§ Exercise prompt
For the material below, return exactly the lines starting at the line containing "Рис. 1 Скоба" and ending at the line containing "La sala de psicomotricidad", both ends included, and no others.

§ The records
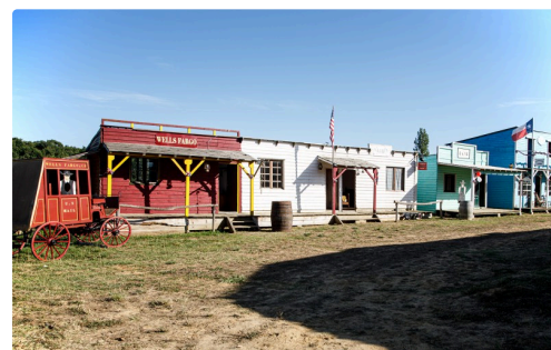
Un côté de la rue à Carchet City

==

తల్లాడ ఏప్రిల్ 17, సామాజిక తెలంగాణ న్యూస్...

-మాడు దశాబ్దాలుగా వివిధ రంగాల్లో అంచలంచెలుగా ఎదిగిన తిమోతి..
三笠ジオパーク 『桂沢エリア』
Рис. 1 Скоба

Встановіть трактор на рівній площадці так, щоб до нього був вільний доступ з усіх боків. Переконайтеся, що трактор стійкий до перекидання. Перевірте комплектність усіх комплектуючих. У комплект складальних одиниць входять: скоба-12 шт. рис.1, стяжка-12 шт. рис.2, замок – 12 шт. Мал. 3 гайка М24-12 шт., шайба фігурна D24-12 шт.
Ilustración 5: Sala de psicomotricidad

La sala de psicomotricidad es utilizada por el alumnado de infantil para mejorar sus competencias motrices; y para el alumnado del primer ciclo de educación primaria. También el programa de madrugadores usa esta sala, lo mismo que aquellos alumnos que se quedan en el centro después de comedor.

§ Exercise solution
Рис. 1 Скоба

Встановіть трактор на рівній площадці так, щоб до нього був вільний доступ з усіх боків. Переконайтеся, що трактор стійкий до перекидання. Перевірте комплектність усіх комплектуючих. У комплект складальних одиниць входять: скоба-12 шт. рис.1, стяжка-12 шт. рис.2, замок – 12 шт. Мал. 3 гайка М24-12 шт., шайба фігурна D24-12 шт.
Ilustración 5: Sala de psicomotricidad

La sala de psicomotricidad es utilizada por el alumnado de infantil para mejorar sus competencias motrices; y para el alumnado del primer ciclo de educación primaria. También el programa de madrugadores usa esta sala, lo mismo que aquellos alumnos que se quedan en el centro después de comedor.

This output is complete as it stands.